Kejadiannya sudah berlalu tiga bulan yang lalu saat ia memperkenalkan Sakura pada Hinata pertama kali. Namun ia tidak menyangka Hinata berbuat nekat menukar gula dengan garam pada kopinya, ia sempat tidak percaya dengan perkataan istrinya. Saat ia bertanya pada Hinata, putrinya itu tidak berbohong.

Ia anggap kejadian itu sebagai keisengan seorang anak namun lama-lama ia menyadari rasa tidak suka putrinya pada istri yang baru saja ia nikahi. Kadang Sakura dibuat menangis. Naruto hanya bisa menyuruhnya sabar. Dan ia tidak patah semangat untuk membuat putrinya itu menerima Sakura.

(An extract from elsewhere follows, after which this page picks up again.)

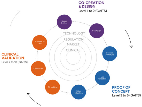 Secondly, it ensures that all relevant aspects of health technologies are covered. Based on the existing international framework Guidance and Impact Tracking System (GAITS), an initial assessment of the maturity of a given DHTs is performed to tailor services (Figure 5). This assessment guides the tailoring of services, encompassing co-creation and design for initial stages of maturity; proof-of-concept of DHT for initial tastes, often related to viability, usability or acceptability; and clinical validation through clinical trials including a larger number of participants and specific clinical endpoints.
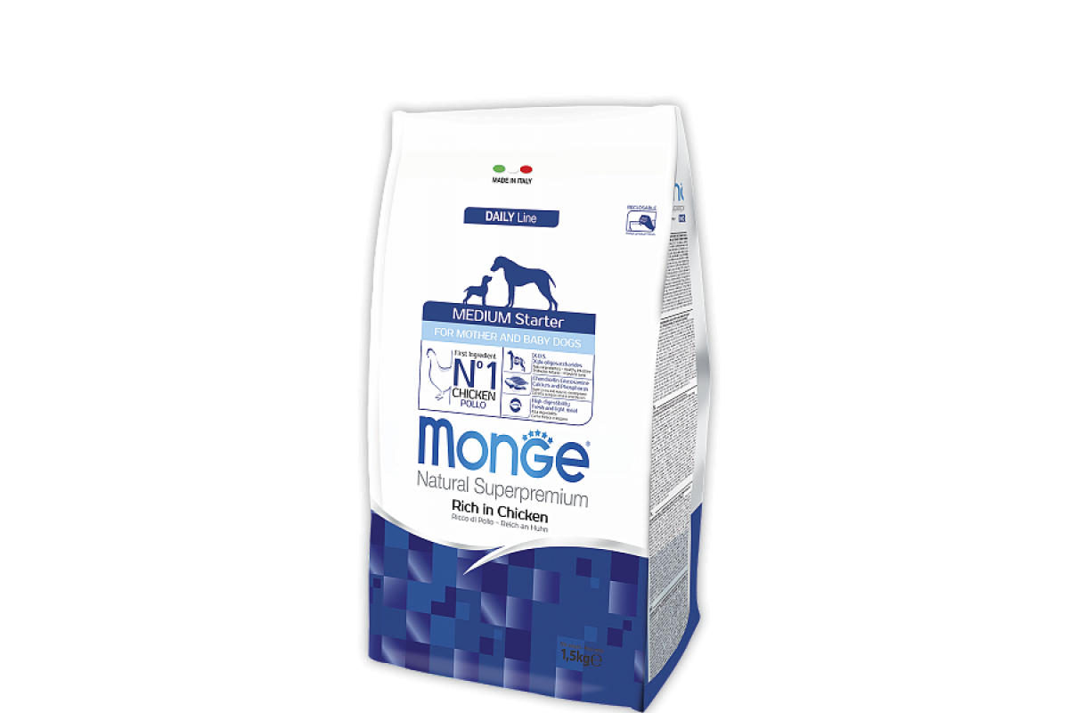 Сухой корм Monge Dog Daily Medium Starter (Курица, рис) можно купить в интернет-магазине зоотоваров Дай лапу.

"Itu hanya salah paham saja." Pria pirang itu tersenyum lebar seakan-akan menampilkan kalau itu bukan apa-apa.

"Salah paham!? Apa kau ingin membuat Hinata dan aku terlihat buruk!" Sasuke akhirnya berteriak. mengeluarkan isi hatinya.

"Apa aku pernah menyalahkanmu?!"

Hinata ketakutan melihat dua orang yang disayangginya saling meneriaki satu sama lain. Dan ia mulai menangis.

"Ayah. Papa jangan bertengkar…hik…" menyadari Hinata menagis, baik Naruto dan Sasuke menenangkan dirinya. Naruto menepuk punggung gadis itu menenangkan anaknya.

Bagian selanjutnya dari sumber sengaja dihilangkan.